В первые годы замужества Жанна построила себе в старом парке, вдали от плавильных заводов и от замка нечестивой свекрови, это уединенное убежище — швейцарский домик — в память о Гриндельваль — де и мистических беседах со вседержителем. Учредив Общину евангелисток, она укрывала в Обители всех своих работниц, призванных распространять Евангелие, которые тут же, у нее на глазах, по нескольку месяцев готовились к высокой миссии. Внизу, в унылой молитвенной зале, душной, как трюм миссионерских судов на английских китобойных промыслах в северных морях, эти избранницы учились возвещать слово божие; г-жа Отман и Жан-Батист Круза давали им уроки богословия и церковного пения. Остальное время прозелитки проводили в особых кельях, предаваясь благочестивым размышлениям, вплоть до того дня, когда Жанна, сочтя какую-нибудь девушку достойной, целовала ее в лоб и говорила: «Иди, дитя мое, и возделывай мой виноградник!»
И несчастные шли по ее приказу в промышленные города и заводские поселки, в Лион, Лилль, Рубе, туда, где люди погрязли в грехе и пороке, где души чернее кожи африканцев, чернее узких фабричных улочек, угольной пыли и кирки рудокопа. Они селились в рабочем предместье и приступали к апостольской деятельности: днем обучали детей по образцовой методе школ Пор-Совера, а вечером проповедовали Евангелие. Но почва виноградника была камениста и бесплодна, и лозы не давали урожая. Почти всюду им приходилось выступать в пустых холодных залах, терпеть насмешки рабочих, грубости и оскорбления, выносить придирки фабричного начальства, от которых не всегда мог их защитить на таком расстоянии от Парижа даже сам всесильный Отман.
Но мужественные исповедницы, не впадая в отчаяние, продолжали сеять слово божие на скудном поле, ибо сказано в писании, что добрые семена, не больше горчичного зерна, могут взойти и принести плоды даже в самой неподатливой душе.

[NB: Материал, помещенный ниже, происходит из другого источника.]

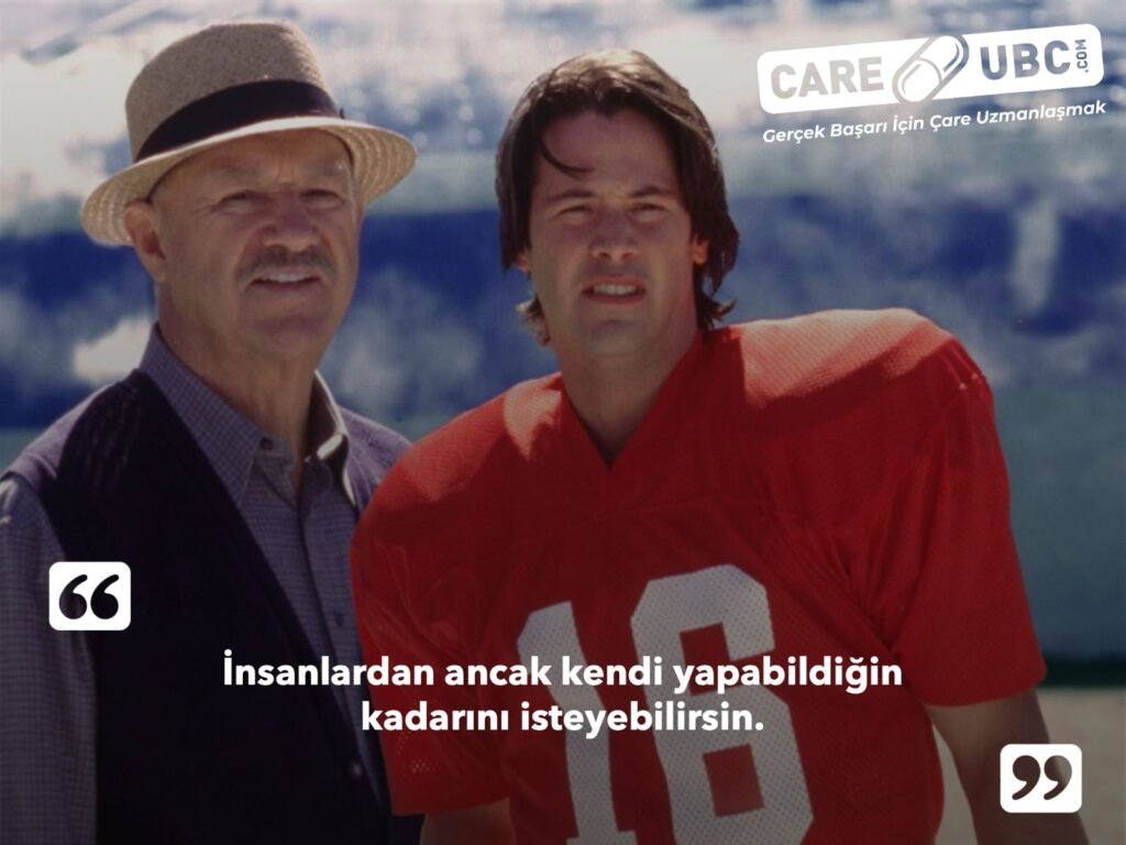 Keanu Reeves’in başrolünde oynadığı bir Amerikan futbolcusunun kariyerini anlatan “Yedek Oyuncular” filminde takım koçu Jimmy McGinty (Gene Hackman)’nin Shane Falco (Keanu Reeves)’ya söylediği “takım arkadaşlarından ancak kendi yapabildiğin kadarını isteyebilirsin” cümlesi zihnime mıh gibi çakılmış ve temel yaşam felsefem olmuştur.

Нужна была горячая вера, глубокая убежденность, чтобы согласиться за сто франков в месяц вести на чужбине одинокую, тоскливую жизнь, на которую обрекала девушек г-жа Отман, отрывая их от родных и близких с тем же равнодушием, с каким она подрезала ветки деревьев в своем саду. Они жили, как монахини, только без монастырских решеток, но с тем же строгим уставом: по первому требованию настоятельницы отправлялись в путь, переезжали на новые места и каждый год неуклонно возвращались в Обитель, чтобы почерпнуть новые силы в учении Христа.

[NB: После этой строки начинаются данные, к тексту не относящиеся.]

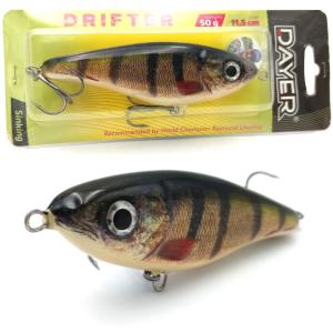 Dlaczego Dayer Drifter? Duże drapieżniki bardzo chętnie polują na ofiary, których pochwycenie nie wymaga od nich zbyt wiele wysiłku. Energia potrzebna do wykonania ataku musi być jak najmniejsza. Wielki szczupak, ogromny okoń, czy leciwy snadacz: takie ryby nie będą uganiały się bez końca za zdrową, pełną wigoru rybką. Np. nie bez kozery mówi się, że szczupak to doktor naszych wód. Ta ryba, tak jak i inne drapieżniki, najchętniej pożre ofiarę w słabej kondycji, a bezwarunkowo zaatakuje rybę konającą. Jerk Dayer został skonstruowanay w taki sposób, aby jak najwierniej odwzorować naturalny pokarm, który za chwilę ma kopnąć w przysłowiowy kalendarz, Oprócz klasycznego ruchu na boki jerk Drifter w ostatnie fazie ruchu wykłada się na brzuch, co jest sygnałem dlka drapieżnika do natychmiastowego ataku.
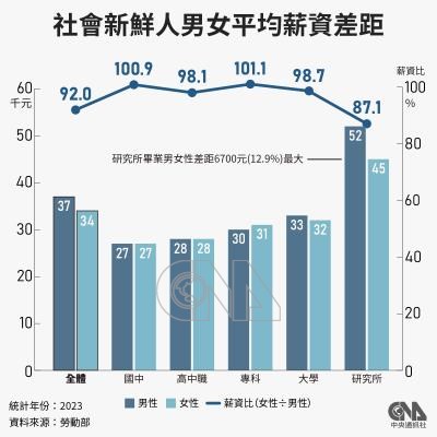 勞動部公布2023年初任人員薪資統計,比較兩性差距,2023年女性初任人員薪資平均3.4萬元,為男性3.7萬元的92%。就各教育程度觀察,研究所女性薪資4.5萬元,為男性5.2萬元的87.1%,差距12.9%為各教育程度之冠。中央社製圖 113年4月30日

Иногда работница встречала во время своих странствий хорошего человека и бросала Общину ради замужества. Одна из них, одна-единственная, сбежала, похитив доверенные ей деньги на личные расходы, на наем помещения и на помощь новообращенным. Но по большей части все они ревностно служили своему делу, устремлялись к единой цели и доводили себя до религиозного экстаза, до фанатического безумия, нередкого среди женщин-протестанток, безумия заразительного, которое по временам, словно эпидемия, охватывает целый край; так было, например, в Швеции лет тридцать назад, когда на всех площадях, по всем проселочным дорогам бродили толпы ясновидящих и пророчиц.

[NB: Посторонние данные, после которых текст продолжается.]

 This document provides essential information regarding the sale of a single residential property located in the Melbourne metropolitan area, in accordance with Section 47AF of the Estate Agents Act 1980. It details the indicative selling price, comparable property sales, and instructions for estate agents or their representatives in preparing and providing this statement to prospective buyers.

Среди работниц г-жи Отман редко встречались красивые девушки вроде Элины Эпсен. Почти все они, старообразные, болезненные, уродливые, одинокие, измученные нуждой, рады были найти здесь пристанище и принести в дар богу евангелистки то, что отвергли мужчины. В сущности, помощь этим несчастным была единственной пользой, единственной заслугой Общины, деятельность которой весьма мало соответствовала французскому характеру и могла бы дать много поводов для насмешек, если бы не причиняла подчас столько страданий, не вызывала столько слез. Поверьте, смотрителю маяка Ватсону было не до смеха, когда ночью, на дежурстве, он терзался тревожными думами: «Где она теперь? Что будет с детьми?» Навеки осиротевшая хозяйка трактира «Голодухи» тоже не смеялась, когда, рыдая у очага, среди веселого гвалта подвыпивших посетителей, вспоминала об умершей дочери и помешанном муже.
Бедняжка Дамур! Какая это была хорошенькая, скромная девочка! Г-жа Отман взяла ее из школы, а затем поселила в Обители с согласия матери, которая не знала толком, что там делается. Проповеди, церковное пение, разговоры о смерти, о вечном блаженстве, о вечном проклятии удручали эту выросшую на воле, еще не окрепшую натуру, и девочка впала в безысходную тоску. «Мне скучно… Я хочу домой!» — плакала бедная Фелисия. Анна де Бейль бранила ее, стращала, запугивала, не выпускала за порог.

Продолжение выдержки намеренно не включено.